## EXERCISE DATA
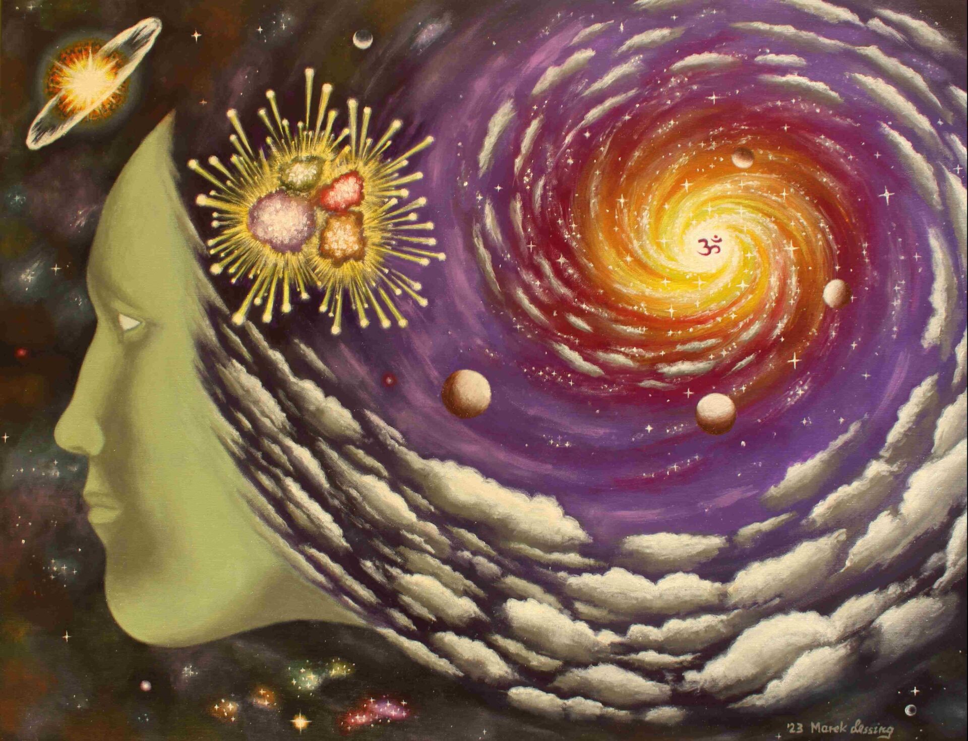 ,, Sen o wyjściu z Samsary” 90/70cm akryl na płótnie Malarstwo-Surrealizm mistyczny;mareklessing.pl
...
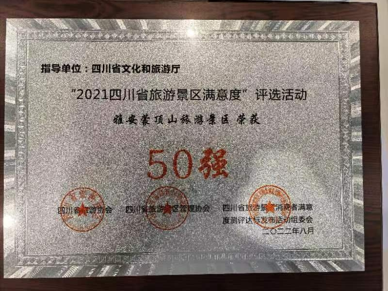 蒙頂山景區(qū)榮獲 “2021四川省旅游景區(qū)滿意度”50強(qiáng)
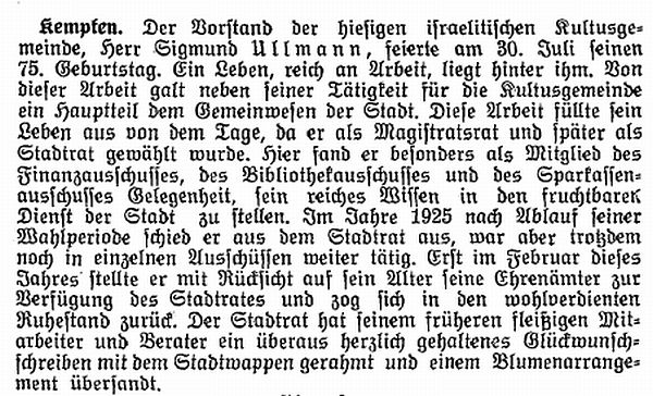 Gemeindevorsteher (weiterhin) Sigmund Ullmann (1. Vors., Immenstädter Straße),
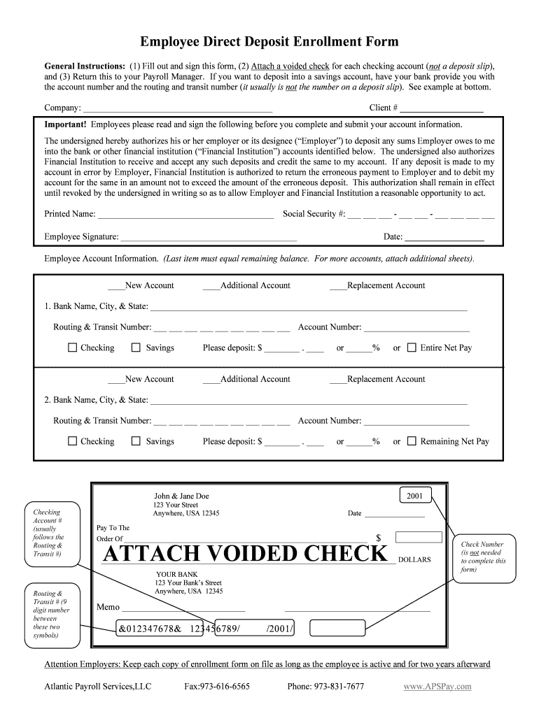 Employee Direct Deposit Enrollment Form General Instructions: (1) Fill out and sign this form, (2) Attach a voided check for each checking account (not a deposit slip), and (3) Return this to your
--
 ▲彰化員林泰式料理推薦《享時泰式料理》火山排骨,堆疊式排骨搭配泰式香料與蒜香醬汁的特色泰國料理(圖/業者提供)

## PROBLEM DETAILS
Taking the entries above, extract every line from the one bearing "Gemeindevorsteher (weiterhin) Sigmund" through the one bearing "Employee Direct Deposit", exactly, with no pictures.

## RESPONSE TO THE EXERCISE
 Gemeindevorsteher (weiterhin) Sigmund Ullmann (1. Vors., Immenstädter Straße),
 Employee Direct Deposit Enrollment Form General Instructions: (1) Fill out and sign this form, (2) Attach a voided check for each checking account (not a deposit slip), and (3) Return this to your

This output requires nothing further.